Valentino Stepčić

Personal information
- Full name: Valentino Stepčić
- Date of birth: 16 January 1990 (age 35)
- Place of birth: Pula, Croatia
- Height: 1.88 m (6 ft 2 in)
- Position(s): Midfielder, Winger

Team information
- Current team: Rudar Labin

Youth career
- 2000–2007: Rudar Labin
- 2008: Istra 1961
- 2008–2009: Rijeka

Senior career*
- Years: Team / Apps / (Gls)
- 2009–2012: Rijeka / 42 / (1)
- 2009: → Rudar Labin (loan) / 15 / (1)
- 2012: Rudar Labin / 14 / (4)
- 2013: Bela Krajina / 12 / (0)
- 2013–2016: Zagreb / 97 / (13)
- 2016–2017: Istra 1961 / 21 / (3)
- 2017: Cibalia / 7 / (0)
- 2018: Anagennisi Deryneia / 12 / (1)
- 2018–2019: Stuttgarter Kickers / 21 / (3)
- 2019–2020: Calcio Leinfelden-Echterdingen / 17 / (3)
- 2021-: Rudar Labin

= Valentino Stepčić =

Croatian footballer (born 1990)

Valentino Stepčić (born 16 January 1990) is a Croatian footballer who plays for Rudar Labin as a midfielder.

==Club career==
Born in Pula, but originally from Labin, Stepčić spent most of his youth years at the local NK Rudar Labin.

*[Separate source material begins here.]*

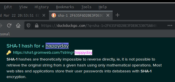 Paste the Hash into your favorite web-browser along with the SHA-1 keyword, and you should easily find the original "happyday" password.
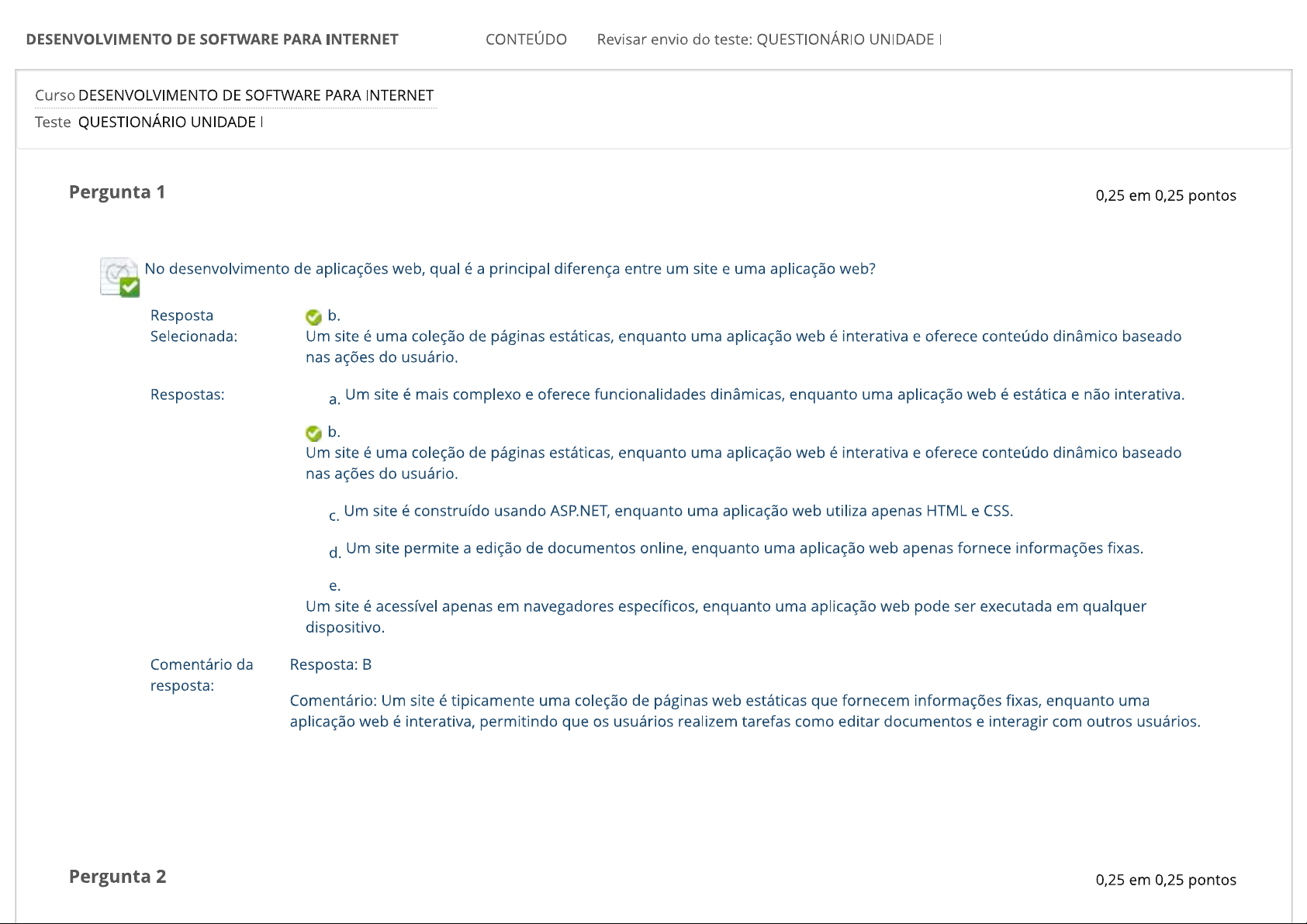 DESENVOLVIMENTO DE SOFTWARE PARA INTERNET CONTEÚDO Revisar envio do teste: QUESTIONÁRIO UNIDADE Curso DESENVOLVIMENTO DE SOFTWARE PARA INTERNET Teste QUESTIONÁRIO UNIDADE Pergunta 1 0,25 em 0,25 pontos No desenvolvimento de aplicações web, qual é a principal diferença entre um site e uma aplicação web? Resposta b. Selecionada: Um site é uma coleção de páginas estáticas, enquanto uma aplicação web é interativa e oferece conteúdo dinâmico baseado nas ações do usuário. Respostas: a. Um site é mais complexo e oferece funcionalidades dinâmicas, enquanto uma aplicação web é estática e não interativa. b. Um site é uma coleção de páginas estáticas, enquanto uma aplicação web é interativa e oferece conteúdo dinâmico baseado nas ações do usuário. C. Um site é construído usando ASP.NET, enquanto uma aplicação web utiliza apenas HTML e CSS. d. Um site permite a edição de documentos online, enquanto uma aplicação web apenas fornece informações fixas. e. Um site é acessível apenas em navegadores específicos, enquanto uma aplicação web pode ser executada em qualquer dispositivo. Comentário da Resposta: resposta: Comentário: Um site é tipicamente uma coleção de páginas web estáticas que fornecem informações fixas, enquanto uma aplicação web é interativa, permitindo que os usuários realizem tarefas como editar documentos e interagir com outros usuários. Pergunta 2 0,25 em 0,25 pontosque é uma API no contexto do desenvolvimento de aplicações web? Resposta Selecionada: b. Um conjunto de regras e ferramentas para construir e integrar software de aplicações. Respostas: a. Um tipo de banco de dados usado para armazenar dados da aplicação. b. Um conjunto de regras e ferramentas para construir e integrar software de aplicações. C. Um serviço que hospeda sites estáticos na web. d. Uma linguagem de programação usada para desenvolver aplicações web. e. Um protocolo de segurança para proteger dados durante a transmissão. Comentário da Resposta: resposta: Comentário: Uma API (Interface de Programação de Aplicações) é um conjunto de regras, protocolos e ferramentas para construir software e permitir que diferentes aplicações se comuniquem entre si. Pergunta 3 0,25 em 0,25 pontos Qual é a função principal do middleware em uma aplicação ASP.NET Core? Resposta Selecionada: C. Inserir lógica customizada no pipeline de processamento de requisições HTTP. Respostas: a. Gerenciar a autenticação e autorização de usuários. b. Servir arquivos estáticos como HTML, CSS e JavaScript. C. Inserir lógica customizada no pipeline de processamento de requisições HTTP. d. Configurar ambiente de desenvolvimento da aplicação. e. Realizar a compilação e execução da aplicação em modo de depuração. Comentário da Resposta: resposta:Comentário: middleware permite a inserção de lógica customizada no pipeline de processamento de requisições facilitando a implementação de funcionalidades como autenticação e autorização. Pergunta 4 0,25 em 0,25 pontos Qual é uma vantagem importante do ASP.NET Core em relação ao ASP.NET Framework? Resposta Selecionada: C. O ASP.NET Core oferece suporte para desenvolvimento multiplataforma. Respostas: a. ASP.NET Core suporta apenas a linguagem de programação C#. b. ASP.NET Core é restrito ao sistema operacional Windows. C. ASP.NET Core oferece suporte para desenvolvimento multiplataforma. d. O ASP.NET Core não suporta a criação de APIs RESTful. e. ASP.NET Core não possui integração com bibliotecas de terceiros. Comentário da Resposta: resposta: Comentário: Uma das principais vantagens do ASP.NET Core é sua capacidade multiplataforma, permitindo que aplicações web sejam desenvolvidas e executadas em Windows, Linux e macOS. Pergunta 5 0,25 em 0,25 pontos que caracteriza uma aplicação web dinâmica? Resposta Selecionada: d. Adapta o conteúdo exibido com base nas ações e interações do usuário, utilizando tecnologias de servidor. Respostas: a. Utiliza apenas HTML e CSS para apresentar conteúdo.b. Não interage com usuário e não muda de acordo com suas ações. C. Fornece conteúdo fixo que não muda, independentemente da interação do usuário. d. Adapta o conteúdo exibido com base nas ações e interações do usuário, utilizando tecnologias de servidor. e. Não requer a instalação de um servidor web para funcionar. Comentário da Resposta: D resposta: Comentário: Uma aplicação web dinâmica adapta conteúdo exibido com base nas ações e interações do usuário, utilizando tecnologias de servidor como ASP.NET, PHP, Java, ou Node.js. Pergunta 6 0,25 em 0,25 pontos Qual é a principal função do arquivo appsettings.json em um projeto ASP.NET Core? Resposta Selecionada: d. Armazenar as configurações da aplicação, como strings de conexão e configurações de ambiente. Respostas: a. Armazenar os controladores e modelos da aplicação. b. Configurar os serviços e pipeline de processamento de requisições. C. Gerenciar as dependências e bibliotecas do projeto. d. Armazenar as configurações da aplicação, como strings de conexão e configurações de ambiente. e. Facilitar a integração com serviços externos como APIs de terceiros. Comentário da Resposta: D resposta: Comentário: arquivo appsettings.json armazena as configurações da aplicação, como strings de conexão e configurações de ambiente, permitindo uma gestão centralizada e flexível das configurações.Pergunta 7 0,25 em 0,25 pontos Quais são os elementos fundamentais do design web que garantem a criação de sites visualmente agradáveis e funcionais? Resposta Selecionada: a. Tipografia, paleta de cores, hierarquia visual e usabilidade. Respostas: a. Tipografia, paleta de cores, hierarquia visual e usabilidade. b. Tipografia, hierarquia visual, acessibilidade e otimização de imagens. C. Paleta de cores, hierarquia visual, otimização de imagens e responsividade. d. Hiera

Signing for the nearby Prva HNL team HNK Rijeka, he made his first-team debut in a 3–0 away loss against NK Inter Zaprešić on 31 May 2009, coming in the 70th minute for Matija Matko. After leaving Rijeka in 2012, he spent the 2012–13 season in lower-tier teams, first back at Rudar, then at NK Bela Krajina, before signing for NK Zagreb, then in Druga HNL, achieving promotion to Prva HNL immediately at the end of the 2013–14 season. He joined German side Stuttgarter Kickers in 2018 .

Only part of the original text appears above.